[Opening Given records section]

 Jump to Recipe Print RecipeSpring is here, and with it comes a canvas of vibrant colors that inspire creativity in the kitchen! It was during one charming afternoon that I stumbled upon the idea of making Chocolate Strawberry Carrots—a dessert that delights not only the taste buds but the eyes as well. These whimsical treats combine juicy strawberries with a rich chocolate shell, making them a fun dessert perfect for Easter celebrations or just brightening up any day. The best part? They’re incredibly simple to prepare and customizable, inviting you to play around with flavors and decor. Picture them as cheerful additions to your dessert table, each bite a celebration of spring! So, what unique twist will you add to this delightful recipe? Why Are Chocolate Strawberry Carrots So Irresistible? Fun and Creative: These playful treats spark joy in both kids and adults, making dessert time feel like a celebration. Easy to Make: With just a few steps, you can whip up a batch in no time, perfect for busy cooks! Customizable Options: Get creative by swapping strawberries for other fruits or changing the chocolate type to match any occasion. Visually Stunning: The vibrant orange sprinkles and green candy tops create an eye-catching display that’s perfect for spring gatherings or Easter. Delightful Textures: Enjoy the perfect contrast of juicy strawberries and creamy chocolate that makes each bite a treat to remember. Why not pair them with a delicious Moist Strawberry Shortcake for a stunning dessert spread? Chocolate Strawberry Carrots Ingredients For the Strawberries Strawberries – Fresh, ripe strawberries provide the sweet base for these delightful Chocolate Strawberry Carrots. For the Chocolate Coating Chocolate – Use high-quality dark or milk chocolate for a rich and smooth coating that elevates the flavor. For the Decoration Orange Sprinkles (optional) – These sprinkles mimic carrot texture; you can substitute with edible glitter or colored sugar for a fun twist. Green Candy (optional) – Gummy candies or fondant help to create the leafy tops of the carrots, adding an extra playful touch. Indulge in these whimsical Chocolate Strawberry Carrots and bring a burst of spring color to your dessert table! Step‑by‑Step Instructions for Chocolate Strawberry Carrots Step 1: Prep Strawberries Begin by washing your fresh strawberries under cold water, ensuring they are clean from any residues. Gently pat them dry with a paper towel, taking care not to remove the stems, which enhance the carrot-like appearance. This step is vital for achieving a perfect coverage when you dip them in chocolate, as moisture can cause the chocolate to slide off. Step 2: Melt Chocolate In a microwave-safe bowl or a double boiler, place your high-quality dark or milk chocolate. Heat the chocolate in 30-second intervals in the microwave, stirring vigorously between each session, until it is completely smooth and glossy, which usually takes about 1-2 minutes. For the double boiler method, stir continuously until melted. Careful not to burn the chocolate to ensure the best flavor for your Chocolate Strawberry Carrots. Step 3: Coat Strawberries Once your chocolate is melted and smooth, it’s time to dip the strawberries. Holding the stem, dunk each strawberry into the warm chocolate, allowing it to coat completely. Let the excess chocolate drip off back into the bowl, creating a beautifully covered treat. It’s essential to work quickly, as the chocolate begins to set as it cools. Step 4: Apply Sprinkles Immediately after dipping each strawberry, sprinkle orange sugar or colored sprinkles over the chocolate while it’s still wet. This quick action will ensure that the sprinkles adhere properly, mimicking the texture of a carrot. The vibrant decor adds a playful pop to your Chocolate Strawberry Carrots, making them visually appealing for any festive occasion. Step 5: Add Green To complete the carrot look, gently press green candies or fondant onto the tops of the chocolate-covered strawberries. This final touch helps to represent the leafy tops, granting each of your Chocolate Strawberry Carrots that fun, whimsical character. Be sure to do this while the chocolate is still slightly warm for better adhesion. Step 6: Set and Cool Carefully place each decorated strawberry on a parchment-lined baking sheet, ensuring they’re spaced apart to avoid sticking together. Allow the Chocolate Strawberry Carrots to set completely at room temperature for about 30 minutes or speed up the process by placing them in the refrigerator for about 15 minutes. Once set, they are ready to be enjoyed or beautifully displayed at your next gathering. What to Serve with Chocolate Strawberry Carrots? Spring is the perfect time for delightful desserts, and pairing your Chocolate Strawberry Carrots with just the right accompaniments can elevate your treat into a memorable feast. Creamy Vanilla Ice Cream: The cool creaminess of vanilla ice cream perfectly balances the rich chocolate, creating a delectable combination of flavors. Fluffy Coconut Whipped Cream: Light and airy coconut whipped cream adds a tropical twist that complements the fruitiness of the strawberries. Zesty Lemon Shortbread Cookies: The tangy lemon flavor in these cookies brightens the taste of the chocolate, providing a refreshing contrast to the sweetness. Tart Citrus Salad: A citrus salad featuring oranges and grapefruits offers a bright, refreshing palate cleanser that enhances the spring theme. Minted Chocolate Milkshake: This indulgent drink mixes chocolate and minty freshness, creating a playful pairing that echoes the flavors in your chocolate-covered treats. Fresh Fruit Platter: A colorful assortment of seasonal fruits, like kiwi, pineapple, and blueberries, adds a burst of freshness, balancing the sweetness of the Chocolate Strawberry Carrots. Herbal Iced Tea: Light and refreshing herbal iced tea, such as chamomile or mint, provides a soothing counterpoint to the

[Closing Given records section]
[Opening Given records section]

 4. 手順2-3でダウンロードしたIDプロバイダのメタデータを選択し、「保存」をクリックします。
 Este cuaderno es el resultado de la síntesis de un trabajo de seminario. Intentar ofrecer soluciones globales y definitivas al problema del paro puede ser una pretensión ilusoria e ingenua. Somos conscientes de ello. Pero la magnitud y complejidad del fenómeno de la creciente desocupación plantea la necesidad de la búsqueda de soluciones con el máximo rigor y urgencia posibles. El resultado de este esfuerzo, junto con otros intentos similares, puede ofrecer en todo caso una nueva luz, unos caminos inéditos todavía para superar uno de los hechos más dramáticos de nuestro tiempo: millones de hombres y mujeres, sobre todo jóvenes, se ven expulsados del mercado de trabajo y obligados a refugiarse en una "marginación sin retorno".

[Closing Given records section]
[Opening Given records section]

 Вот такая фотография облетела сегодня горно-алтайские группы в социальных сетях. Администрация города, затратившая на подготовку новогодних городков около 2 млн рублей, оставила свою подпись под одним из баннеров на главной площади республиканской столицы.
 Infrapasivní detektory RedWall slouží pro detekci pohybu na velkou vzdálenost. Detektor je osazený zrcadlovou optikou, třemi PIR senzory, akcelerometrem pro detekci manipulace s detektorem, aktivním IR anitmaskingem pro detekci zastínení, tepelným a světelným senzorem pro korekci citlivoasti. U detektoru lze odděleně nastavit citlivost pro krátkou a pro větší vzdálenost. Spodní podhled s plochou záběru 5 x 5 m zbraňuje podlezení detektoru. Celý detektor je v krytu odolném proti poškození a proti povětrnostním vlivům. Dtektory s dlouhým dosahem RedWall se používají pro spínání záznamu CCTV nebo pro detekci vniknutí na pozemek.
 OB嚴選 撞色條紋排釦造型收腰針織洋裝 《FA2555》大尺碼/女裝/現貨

[Closing Given records section]

The required answer is the run of lines above, starting at the line with "Вот такая фотография" and ending at the line with "OB嚴選 撞色條紋排釦造型收腰針織洋裝 《FA2555》大尺碼/女裝/現貨", reproduced exactly with both ends.

 Вот такая фотография облетела сегодня горно-алтайские группы в социальных сетях. Администрация города, затратившая на подготовку новогодних городков около 2 млн рублей, оставила свою подпись под одним из баннеров на главной площади республиканской столицы.
 Infrapasivní detektory RedWall slouží pro detekci pohybu na velkou vzdálenost. Detektor je osazený zrcadlovou optikou, třemi PIR senzory, akcelerometrem pro detekci manipulace s detektorem, aktivním IR anitmaskingem pro detekci zastínení, tepelným a světelným senzorem pro korekci citlivoasti. U detektoru lze odděleně nastavit citlivost pro krátkou a pro větší vzdálenost. Spodní podhled s plochou záběru 5 x 5 m zbraňuje podlezení detektoru. Celý detektor je v krytu odolném proti poškození a proti povětrnostním vlivům. Dtektory s dlouhým dosahem RedWall se používají pro spínání záznamu CCTV nebo pro detekci vniknutí na pozemek.
 OB嚴選 撞色條紋排釦造型收腰針織洋裝 《FA2555》大尺碼/女裝/現貨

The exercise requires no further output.